- _Data block_:

________

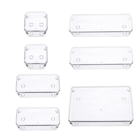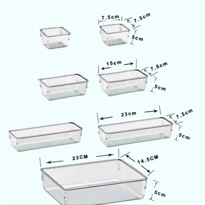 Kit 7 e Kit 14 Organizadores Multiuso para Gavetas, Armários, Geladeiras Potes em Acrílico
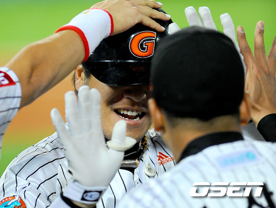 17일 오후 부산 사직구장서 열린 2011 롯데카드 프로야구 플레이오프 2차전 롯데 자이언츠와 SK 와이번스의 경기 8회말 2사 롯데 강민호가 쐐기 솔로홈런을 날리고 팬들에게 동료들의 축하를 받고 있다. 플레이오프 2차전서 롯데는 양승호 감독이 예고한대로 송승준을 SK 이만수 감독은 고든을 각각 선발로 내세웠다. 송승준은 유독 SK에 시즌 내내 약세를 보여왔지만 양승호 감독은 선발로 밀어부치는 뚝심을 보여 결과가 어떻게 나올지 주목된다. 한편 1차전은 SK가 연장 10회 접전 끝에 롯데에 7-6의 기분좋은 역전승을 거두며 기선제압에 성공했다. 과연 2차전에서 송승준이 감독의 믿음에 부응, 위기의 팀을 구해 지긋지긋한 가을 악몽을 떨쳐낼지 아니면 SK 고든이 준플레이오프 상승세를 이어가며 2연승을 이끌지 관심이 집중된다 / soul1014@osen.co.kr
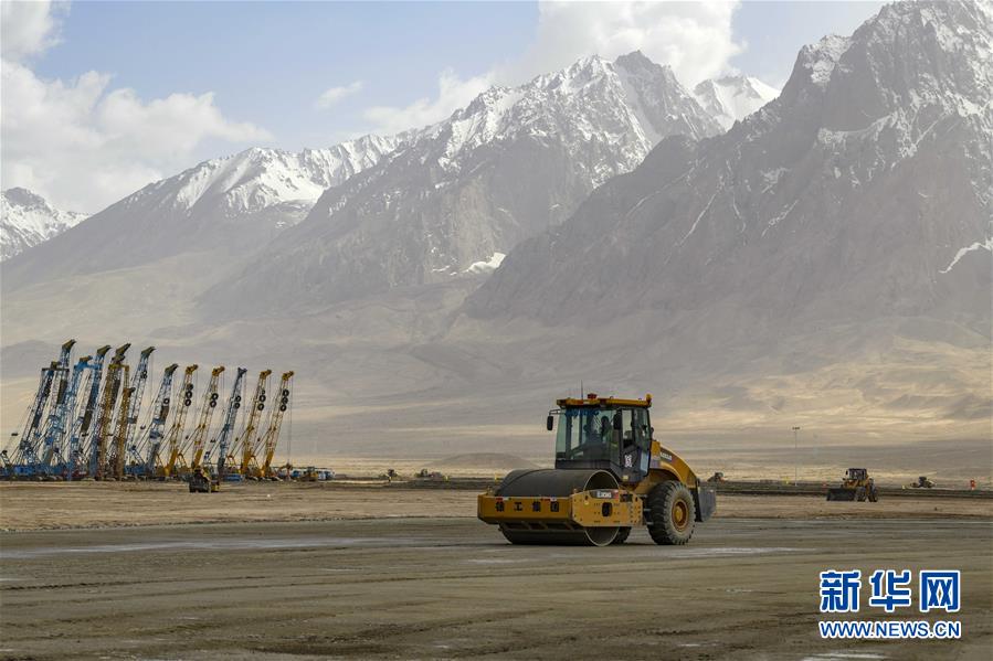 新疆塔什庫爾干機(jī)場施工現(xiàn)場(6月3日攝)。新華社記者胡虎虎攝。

________

- _What you are asked to do_:
The material above must be set down word for word, with no picture carried over.

- _Written reply_:
 Kit 7 e Kit 14 Organizadores Multiuso para Gavetas, Armários, Geladeiras Potes em Acrílico
 17일 오후 부산 사직구장서 열린 2011 롯데카드 프로야구 플레이오프 2차전 롯데 자이언츠와 SK 와이번스의 경기 8회말 2사 롯데 강민호가 쐐기 솔로홈런을 날리고 팬들에게 동료들의 축하를 받고 있다. 플레이오프 2차전서 롯데는 양승호 감독이 예고한대로 송승준을 SK 이만수 감독은 고든을 각각 선발로 내세웠다. 송승준은 유독 SK에 시즌 내내 약세를 보여왔지만 양승호 감독은 선발로 밀어부치는 뚝심을 보여 결과가 어떻게 나올지 주목된다. 한편 1차전은 SK가 연장 10회 접전 끝에 롯데에 7-6의 기분좋은 역전승을 거두며 기선제압에 성공했다. 과연 2차전에서 송승준이 감독의 믿음에 부응, 위기의 팀을 구해 지긋지긋한 가을 악몽을 떨쳐낼지 아니면 SK 고든이 준플레이오프 상승세를 이어가며 2연승을 이끌지 관심이 집중된다 / soul1014@osen.co.kr
 新疆塔什庫爾干機(jī)場施工現(xiàn)場(6月3日攝)。新華社記者胡虎虎攝。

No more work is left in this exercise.